RFR: 8256488: [aarch64] Use ldpq/stpq instead of ld4/st4 for small copies in StubGenerator::copy_memory

Fri Dec 4 15:31:16 UTC 2020

On Fri, 4 Dec 2020 08:16:35 GMT, Jie He <github.com+10233373+jhe33 at openjdk.org> wrote:

> > > Hi @theRealAph,
> > > I also have a patch to fix the unaligned copy small memory (< 16 bytes) when copy a big chunk of memory (> 96 bytes) in this function copy_memory_small(), but it couldn't impact the performance too much, I'm not sure if it is worth pushing to upstream. please refer to [1].
> > > 
> > > 1. [JBS-8149448](https://bugs.openjdk.java.net/browse/JDK-8149448)
> > 
> > 
> > Hi Jie,
> > Thank you for the information.
> > As Andrew wrote, nowadays most of unaligned memory accesses don't have penalties on the Armv8 implementations. However, some accesses have penalties.
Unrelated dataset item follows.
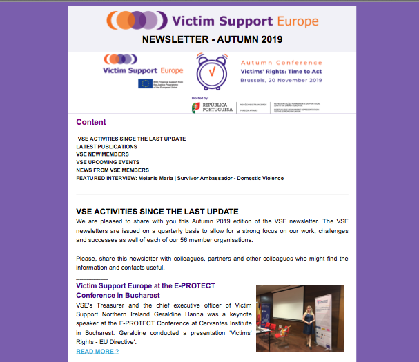 Below you can find VSE's publications. VSE also has a knowledge database of over 800 publically accessible documents relating to victims of crime, which is fully searchable and filtered. Access is available to members of VSE. Click here, if you are interested in becoming a member and supporting victims around the world.

For example these are the most common:
> > 
> > 1. Load operations that cross a cache-line (64-byte) boundary.
> > 2. Store operations that cross a 16B boundary.
> > 
> > On some Armv8 implementations quad-word load operations can have penalties if they are not at least 4B aligned.
> > Regarding the unaligned copy small memory, I think getting it aligned improves the function by a few percent (~2-5%%). As the most time is spent in copying big chunks of memory this improvement won't be noticeable. For example if copy_memory_small takes 1% of time and it is improved by 5% then the total improvement will be:
> > 1 / (0.99 + (0.01/1.05)) = 1.000476 or 0.0476%
> > which is almost impossible to detect.
> > BTW, I tried to improve COPY_SMALL, _Copy_conjoint_words and _Copy_disjoint_words based on results of comparison with memcpy from the Arm optimised routines but I did not get any overall performance improvements. See [JDK-8255795](https://bugs.openjdk.java.net/browse/JDK-8255795) for more information.
> 
> Hi @eastig
> 
> thanks your information.
> 
> yes, it's very hard to measure copy_memory_small performance. I designed a jmh case using unsafe copymemory to test it, which just copies 100 bytes unaligned data, we know only <16 bytes unaligned data will be handlered by copy_memory_small.
> the test shows ~1.5% improvement in this case.
> 
> I also noticed COPY_SMALL and other pd_con/disjoint_words functions are not better than memcpy (glibc 2.27 in my env), even on thunderX2 machine. I think there is still room for improvement to the inline assembly code in copy_linux_aarch64.inline.hpp and assembly code in copy_linux_aarch64.s. In addtion, both of them don't support SIMD/FP instrs so far, like ldpq. a test shows ~10% improvement on N1 if using 2 ldpq instead of 4 ldp when copy 64 bytes data, but not on other A72 machines.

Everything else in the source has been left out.